Printed letters, Sept. 8, 2010

Fires a necessary tool for local agriculture

It’s the time of year in the Grand Valley to see plumes of smoke. To many, this sighting causes alarm. However, there is no need. These are controlled agricultural burns. It is necessary for farmers to burn their fields in order for them to be ready for the following year.

While the smoke is annoying, the burning is beneficial because it puts nitrogen back in the ground.

The burning also helps wipe out crop residue, harmful insects and weeds, makes seeding easier, reduces the use of chemicals needed for combating plant diseases and helps maintain crop yields. In addition, it also reduces the need for tiling, which makes soil less susceptible to erosion.

The farmers who burn their fields do not just burn negligently when they choose. They burn only when there is no fire ban and call dispatch before burning. Farmers also make sure that they have a tractor with a water tank or some sort of water source nearby in case the fire does get out of hand. Farmers are vigilant when burning in order to protect their land and the land of others around them.

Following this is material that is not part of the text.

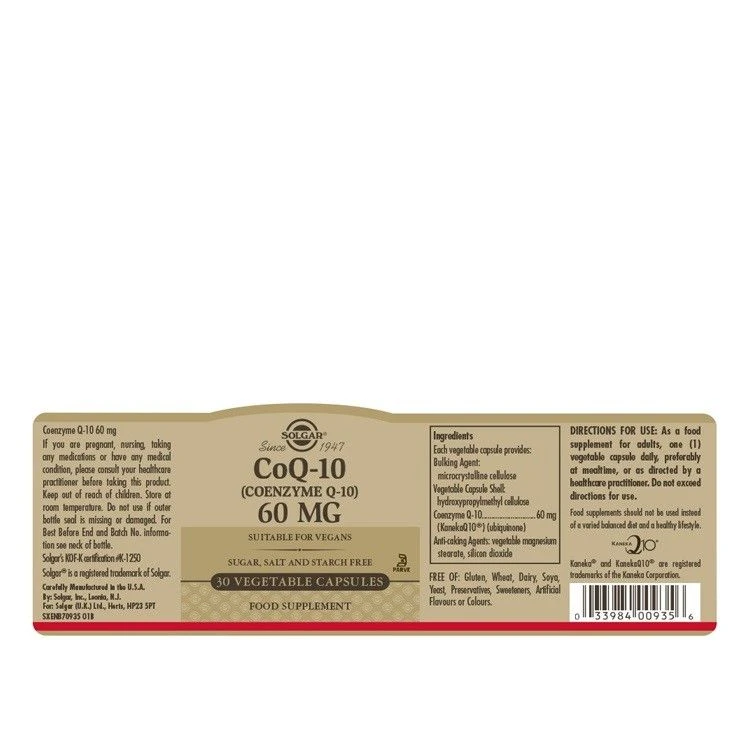 Solgar CoQ-10 (Coenzyme Q-10) 60mg Softgels contains KanekaQ10, a patented form of CoQ10 fermented from yeast and bio-identical to the CoQ10 which is produced by the body.

Even though these burnings occur every year, there are still many citizens who call these fires in. Others show up to gawk. How would the fire department get to where they need to be when there are so many rubber-neckers in the way?

If you don’t like these burns, find somewhere else to live. This is still an agricultural area with these practices in place. The people who complain are more than likely the same people who forget about where the food they eat comes from.

So unless you are absolutely certain it is an out-of-control fire, don’t call it in and don’t drive around getting in the way. Save the fire department and the farmers the time and hassle.

SAM WATERS

Fruita

Ballot measures will hurt our quality of life

I believe all of us have an expectation that our state government entities be efficient and accountable in spending our tax dollars. We, as citizens, also have a responsibility to be mindful that our tax dollars are appropriately spent and to constructively challenge the process if we believe they are not.

At times we don’t do our part so well, our frustration leads to apathy and we risk giving away our choices to other who have no interests in contributing to finding practical solutions. I believe that apathy has allowed the caustic public policy positions in Amendments 60 and 61 and Proposition 101 to be on the ballot this fall.

For 20 years, I have enjoyed the benefits living and working in Colorado and I absolutely believe these three ballot measures will compromise our quality lifestyle. Before it’s too late, I encourage every voter to take time to read these measures and consider the resulting deep-impact consequences they have on Colorado businesses, schools, highways, judicial system, human services, every component of our infrastructure.

If, as I have, you find the measures compromise Colorado’s lifestyle, please vote “No” on all three measures.

LON CARPENTER

Grand Junction

Marijuana research lacking because of climate of fear

Before people vote “No” on medical marijuana dispensaries, please research the history of marijuana. Find the truth of who, how and why it was banned in 1937.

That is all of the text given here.